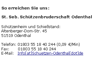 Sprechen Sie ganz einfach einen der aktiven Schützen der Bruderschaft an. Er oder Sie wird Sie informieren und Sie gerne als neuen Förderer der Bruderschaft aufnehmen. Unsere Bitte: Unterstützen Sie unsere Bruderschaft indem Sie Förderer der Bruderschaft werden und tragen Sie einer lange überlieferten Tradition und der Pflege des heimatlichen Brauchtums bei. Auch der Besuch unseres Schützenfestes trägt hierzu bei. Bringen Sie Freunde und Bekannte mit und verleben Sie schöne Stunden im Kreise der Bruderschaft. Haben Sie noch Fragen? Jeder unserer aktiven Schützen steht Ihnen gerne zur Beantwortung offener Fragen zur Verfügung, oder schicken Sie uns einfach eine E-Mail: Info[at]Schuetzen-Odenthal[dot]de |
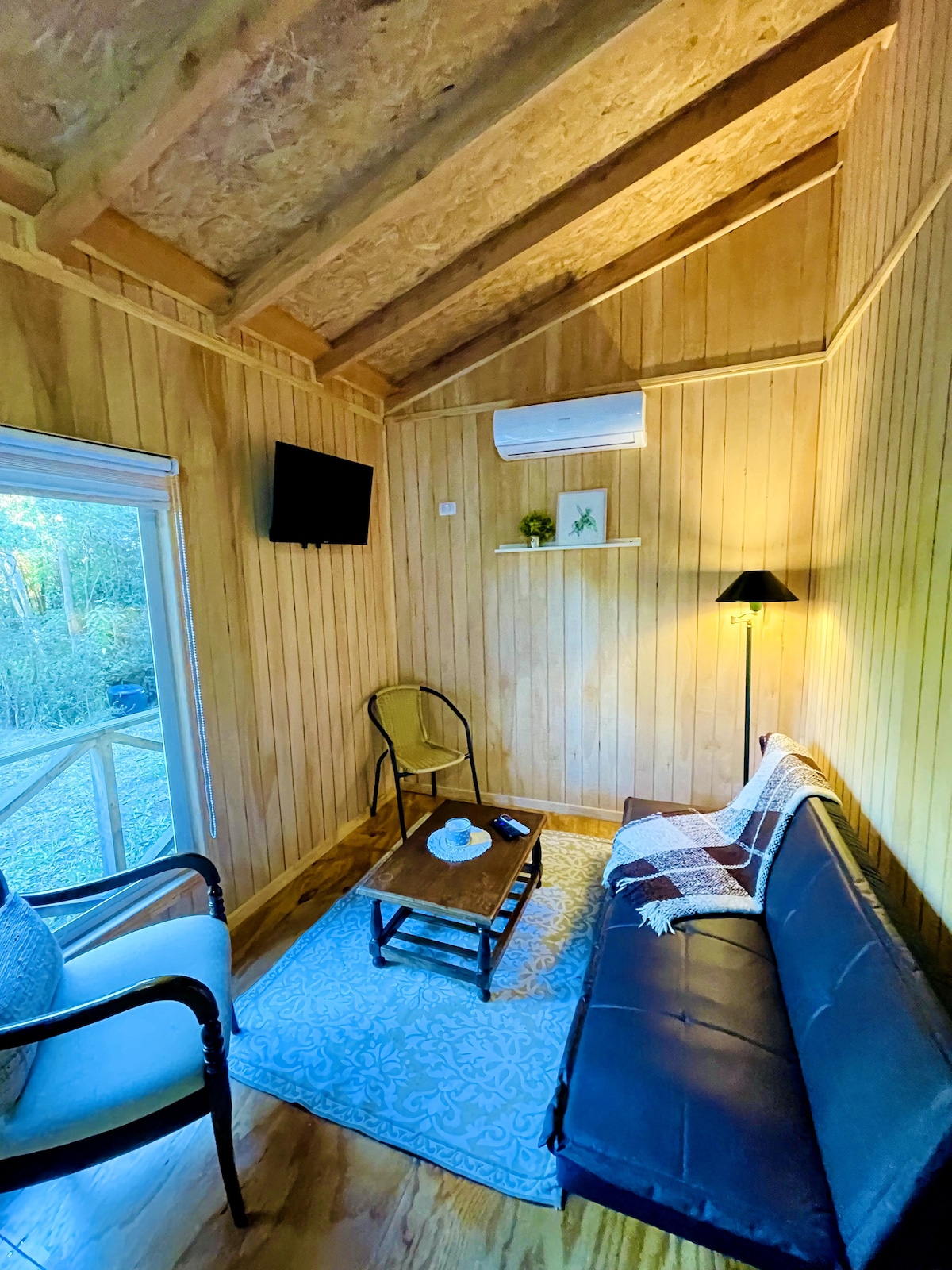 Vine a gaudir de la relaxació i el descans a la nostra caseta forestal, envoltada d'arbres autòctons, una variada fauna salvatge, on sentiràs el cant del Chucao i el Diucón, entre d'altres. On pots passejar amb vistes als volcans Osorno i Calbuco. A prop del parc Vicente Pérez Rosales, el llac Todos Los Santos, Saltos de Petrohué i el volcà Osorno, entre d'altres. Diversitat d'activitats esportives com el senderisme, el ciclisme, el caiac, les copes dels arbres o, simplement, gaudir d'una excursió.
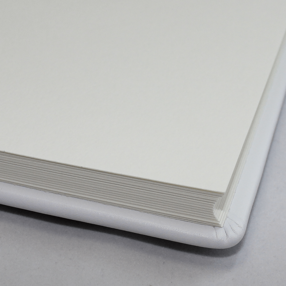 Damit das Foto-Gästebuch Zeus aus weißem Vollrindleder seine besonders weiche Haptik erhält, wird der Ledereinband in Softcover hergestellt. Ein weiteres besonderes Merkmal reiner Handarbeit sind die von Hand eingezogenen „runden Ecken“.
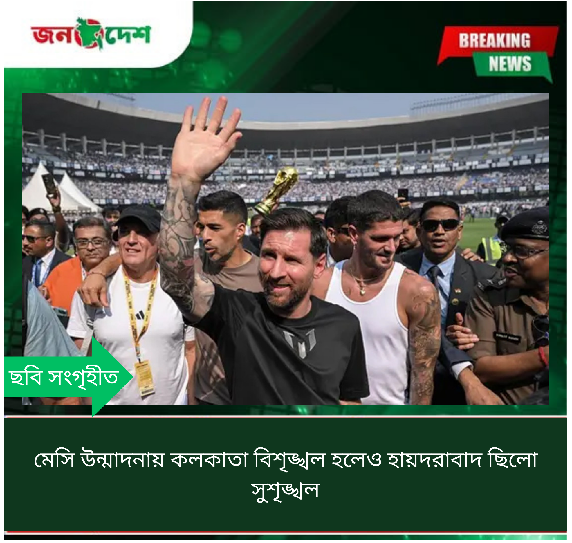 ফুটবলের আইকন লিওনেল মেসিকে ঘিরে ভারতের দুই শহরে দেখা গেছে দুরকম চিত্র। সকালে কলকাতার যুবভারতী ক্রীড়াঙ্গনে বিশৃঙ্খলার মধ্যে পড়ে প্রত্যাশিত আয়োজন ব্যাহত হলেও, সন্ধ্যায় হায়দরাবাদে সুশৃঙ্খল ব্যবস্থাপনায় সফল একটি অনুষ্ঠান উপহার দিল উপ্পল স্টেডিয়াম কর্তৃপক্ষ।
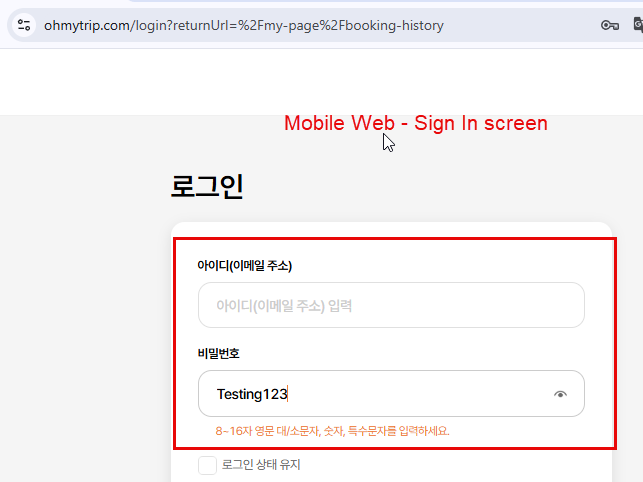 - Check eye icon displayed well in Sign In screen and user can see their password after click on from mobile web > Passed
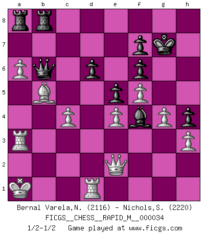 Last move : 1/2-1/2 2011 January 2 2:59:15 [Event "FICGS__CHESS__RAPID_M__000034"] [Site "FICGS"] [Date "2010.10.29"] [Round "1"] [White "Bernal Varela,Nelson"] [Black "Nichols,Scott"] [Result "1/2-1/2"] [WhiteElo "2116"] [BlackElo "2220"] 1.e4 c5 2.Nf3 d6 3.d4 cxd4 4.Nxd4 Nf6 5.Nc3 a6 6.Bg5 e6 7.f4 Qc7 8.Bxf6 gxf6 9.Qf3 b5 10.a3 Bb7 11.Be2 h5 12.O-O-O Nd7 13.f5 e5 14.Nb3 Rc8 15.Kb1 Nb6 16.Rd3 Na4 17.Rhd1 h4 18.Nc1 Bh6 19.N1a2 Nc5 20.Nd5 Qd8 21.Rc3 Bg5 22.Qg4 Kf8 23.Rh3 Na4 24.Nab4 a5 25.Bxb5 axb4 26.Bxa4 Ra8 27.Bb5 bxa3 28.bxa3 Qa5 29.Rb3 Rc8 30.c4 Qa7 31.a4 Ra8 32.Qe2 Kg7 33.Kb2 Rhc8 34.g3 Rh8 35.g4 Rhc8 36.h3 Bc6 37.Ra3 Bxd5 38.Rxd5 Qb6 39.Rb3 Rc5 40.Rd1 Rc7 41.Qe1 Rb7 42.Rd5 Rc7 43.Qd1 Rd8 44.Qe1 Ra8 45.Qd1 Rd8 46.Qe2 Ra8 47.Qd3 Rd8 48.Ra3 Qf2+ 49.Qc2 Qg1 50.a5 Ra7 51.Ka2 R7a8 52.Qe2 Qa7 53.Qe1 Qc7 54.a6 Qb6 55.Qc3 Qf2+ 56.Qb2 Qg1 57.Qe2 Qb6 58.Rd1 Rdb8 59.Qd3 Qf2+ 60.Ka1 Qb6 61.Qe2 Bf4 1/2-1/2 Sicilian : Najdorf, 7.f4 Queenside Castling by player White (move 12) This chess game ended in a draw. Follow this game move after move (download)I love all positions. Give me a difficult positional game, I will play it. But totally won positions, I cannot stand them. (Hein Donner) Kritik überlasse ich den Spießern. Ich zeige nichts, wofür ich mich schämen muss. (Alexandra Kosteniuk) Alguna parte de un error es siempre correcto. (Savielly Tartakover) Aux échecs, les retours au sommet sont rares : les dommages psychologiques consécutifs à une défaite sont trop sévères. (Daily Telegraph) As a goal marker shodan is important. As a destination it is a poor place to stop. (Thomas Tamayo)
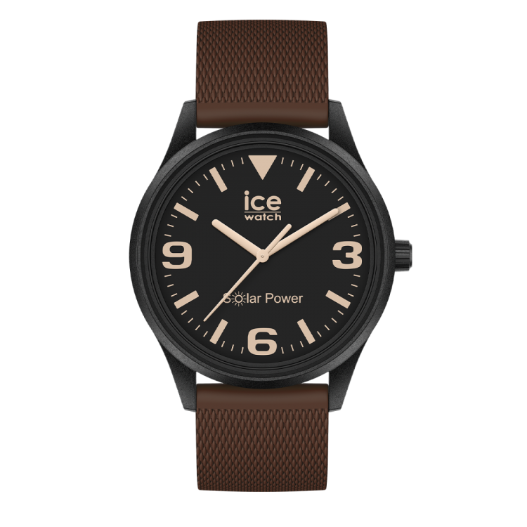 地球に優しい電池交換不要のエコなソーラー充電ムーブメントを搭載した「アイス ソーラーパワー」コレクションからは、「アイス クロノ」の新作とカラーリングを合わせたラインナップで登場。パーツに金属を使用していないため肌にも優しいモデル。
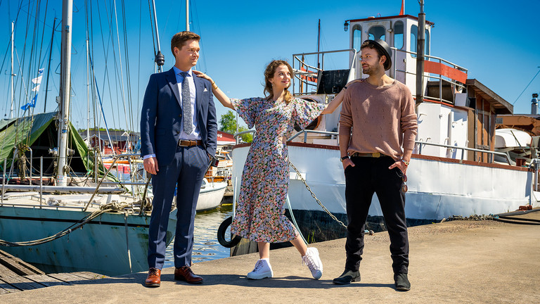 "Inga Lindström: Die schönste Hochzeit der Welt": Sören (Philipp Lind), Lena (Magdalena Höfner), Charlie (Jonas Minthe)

:::::

■ REQUIRED ACTION
Word for word, write out the lines above running from the one with "Damit das Foto-Gästebuch" up to and including the one with "- Check eye". Drop any picture.

■ ANSWER BOX
 Damit das Foto-Gästebuch Zeus aus weißem Vollrindleder seine besonders weiche Haptik erhält, wird der Ledereinband in Softcover hergestellt. Ein weiteres besonderes Merkmal reiner Handarbeit sind die von Hand eingezogenen „runden Ecken“.
 ফুটবলের আইকন লিওনেল মেসিকে ঘিরে ভারতের দুই শহরে দেখা গেছে দুরকম চিত্র। সকালে কলকাতার যুবভারতী ক্রীড়াঙ্গনে বিশৃঙ্খলার মধ্যে পড়ে প্রত্যাশিত আয়োজন ব্যাহত হলেও, সন্ধ্যায় হায়দরাবাদে সুশৃঙ্খল ব্যবস্থাপনায় সফল একটি অনুষ্ঠান উপহার দিল উপ্পল স্টেডিয়াম কর্তৃপক্ষ।
 - Check eye icon displayed well in Sign In screen and user can see their password after click on from mobile web > Passed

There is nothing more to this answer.